You in particular have just mixed up HZ and KHZ and injected more bullshit like "It essentially tries to fit a curve to the master waveform".
Perceptual encoding is much more complicated than that.
It actually performs an FFT analysis and split the sound up into it's component sine waves.
Then, two methods are used to discard data.
Both known as perceptual masking. The first method deals with frequency masking, the second with time.
Human auditory perception cannot hear a quiet frequency when there is a louder one within a few hz of it.
So, you can discard all of them.
Humans cannot hear a quiet sound when a louder one immediately follows it. (Think of a bass drum, you do not hear the squeak of the pedal just before the beater hits.)

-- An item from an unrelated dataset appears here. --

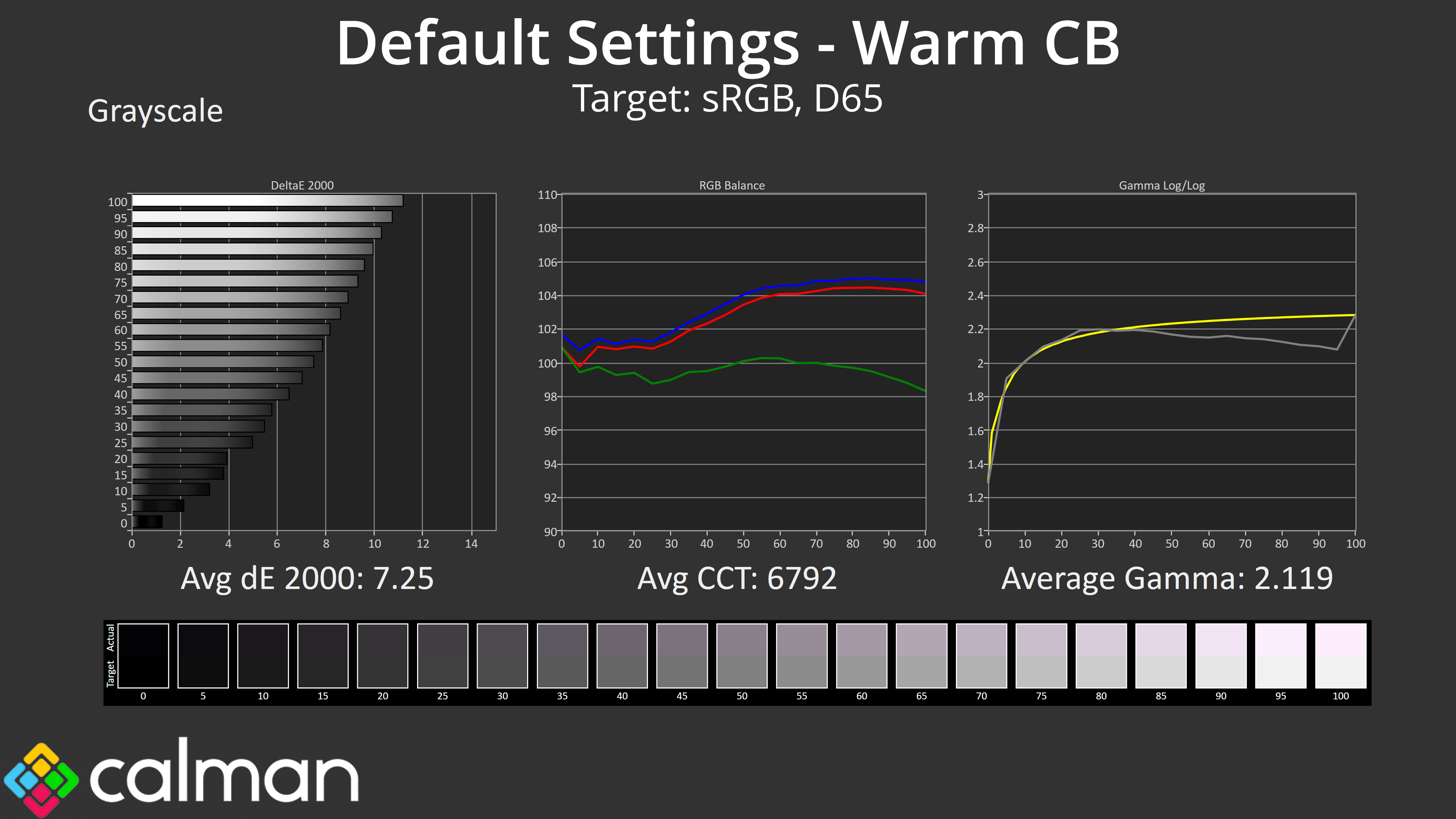 As for greyscale, we are starting using completely stock settings, and that includes the Warm colour balance mode. As you can see, greyscale deltaEs are alarmingly high as the colour balance is considerably out of whack. The average CCT (correlated colour temperature) of 6792K doesn't sound too bad, but the red and blue channels are raised significantly relative to the green channel, and that gives the screen a distinct pinkish/purpley hue.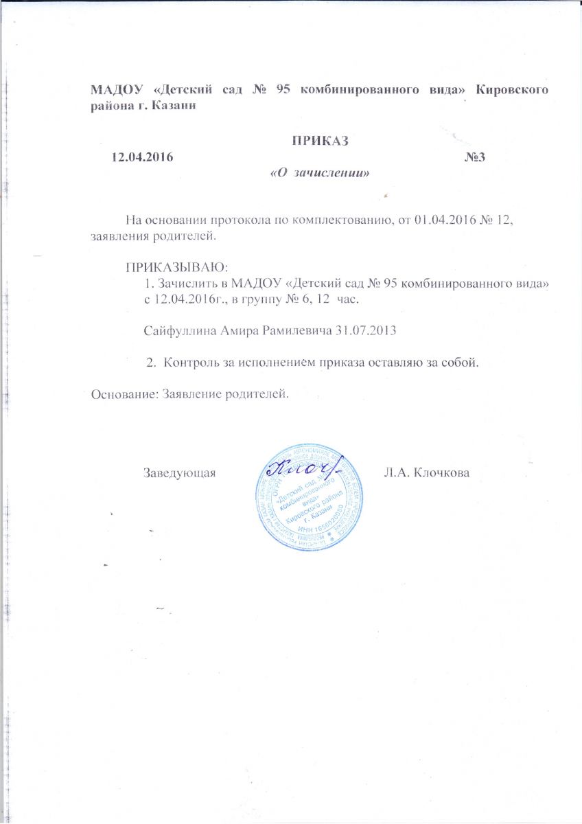Распорядительный акт о зачислении ребенка в образовательную организацию

So you can discard all those too.
The watery effect of heavy MP3 compression is from too many transients being discarded by the second method, so the transients appear spread over time. The thin lack of depth is due to too many frequencies being discarded.
"the net result of a sound around 701.5 Hz coming in and out every 1/3rd of a second. It would basically sound like 3 beeps a second, though more like a siren than a beep. If the waves were at different amplitudes, the same phenomenon would still exist but there would not be complete silence during the destructive phases."
This is crap. The cancellation has ALREADY HAPPENED when the waveforms were mixed before you do the MP3 compression. So you just need to compress the result, not the individual tones.
Also, it will sound like an amplitude tremelo, not a siren which would imply pitch modulation.